Dance Matters: The A.W.A.R.D. Show!

August 23, 2009

Where fostering discussion trumps the $10,000 prize

 

 

On a Thursday in June, a sold-out crowd filed into New York’s Joyce SoHo. In each person’s hands: a ballot, a pencil, and the right to vote. Backstage, four up-and-coming choreographers were getting ready for Round One of the fourth annual A.W.A.R.D. Show. Over three nights, 12 companies would perform, and the audience favorite from each program would move onto the finals. The stakes? A $10,000 cash prize, with $1,000 for each runner-up.

 

It might sound like So You Think You Can Dance for the blackbox. But The A.W.A.R.D. Show—founded by choreographer Neta Pulvermacher in 2006 and now produced nationally by the Joyce Theater Foundation—is more discussion forum than cutthroat, fan-crazed contest. The acronym, Artists With Audiences Responding to Dance, sums it up. Artists (mostly younger emerging ones) perform; audiences cast their votes, along with anonymous written comments; and then, in a moderated dialogue, everyone talks about the work.

 

With the money in the hands of the viewers (at least partly—a panel of experts weighs in on the final night), The A.W.A.R.D. Show “talkbacks” tend to be more animated than your average post-performance Q&A. “I wanted to get the audience charged and empowered,” says Pulvermacher, who hopes to foster a “lab-like” setting for rigorous conversation. “When you give people the rights and responsibilities of voting, they pay attention.” While many are there to support friends, all are encouraged to vote objectively using the “P.O.E.M.” criteria outlined in their programs: Potential, Originality, Execution, and Merit.

 

The concept emerged in 2004, when Pulvermacher got an email from Scott Kasen, a hedge fund manager looking to support modern dance at a grassroots level.
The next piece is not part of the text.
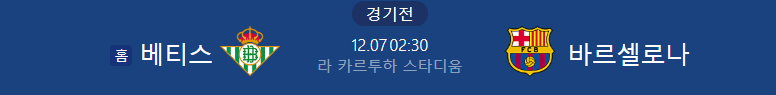 해외축구분석 12/7일 라리가 레알베티스 바르셀로나 해외축구중계

Kasen was a fan of Pulvermacher’s Dance Conversations at the Flea Theater, a series for audience-artist exchange. “I was extremely suspicious to say the least,” Pulvermacher laughs. “Where I come from, nobody offers out of the blue to support individual artists.” Kasen suggested expanding Dance Conversations into a competition; the $10,000 prize, for the creation of a new work, would come from him. With presenting interest from the Joyce, The A.W.A.R.D. Show was born.

 

Through funding from the Boeing Company, the show went national this year, with similar events in Chicago, Seattle, and this month, Philadelphia. “At a time when most nonprofits are contracting, we’re expanding,” says Linda Shelton, executive director of the Joyce. “And we hope to expand the event further. I’ve been approached by presenters of all kinds looking to try this.”

 

The demand isn’t surprising in a field where claims of “I don’t get it” are all too frequent. “Many people don’t even go to a performance because they’re worried they won’t understand it,” says Shelton. “Or if they do go, they won’t talk about it, saying, ‘Oh, I’m not gonna ask because it’s a dumb question.’ ” But at The A.W.A.R.D. Show, she observes, audiences have “more of an appetite” for conversation.

 

Artists notice the richness of the dialogue too. “Sometimes in a Q&A, it feels like everyone’s hunting for a prescribed answer,” says Shannon Gillen of Doorknob Company, one of this year’s New York finalists. “This experience pushed through that and got at some truth. Really what do you make? Why do you want to make it?”

 

Some artists were initially wary of the competitive format. “It’s a small dance community, and I don’t like feeling in direct competition with my peers,” says Monica Bill Barnes, also a New York finalist. But, she remarked at the finals, “It hasn’t felt like a competitive environment. Everyone has been so supportive. It’s just another opportunity to present our work.”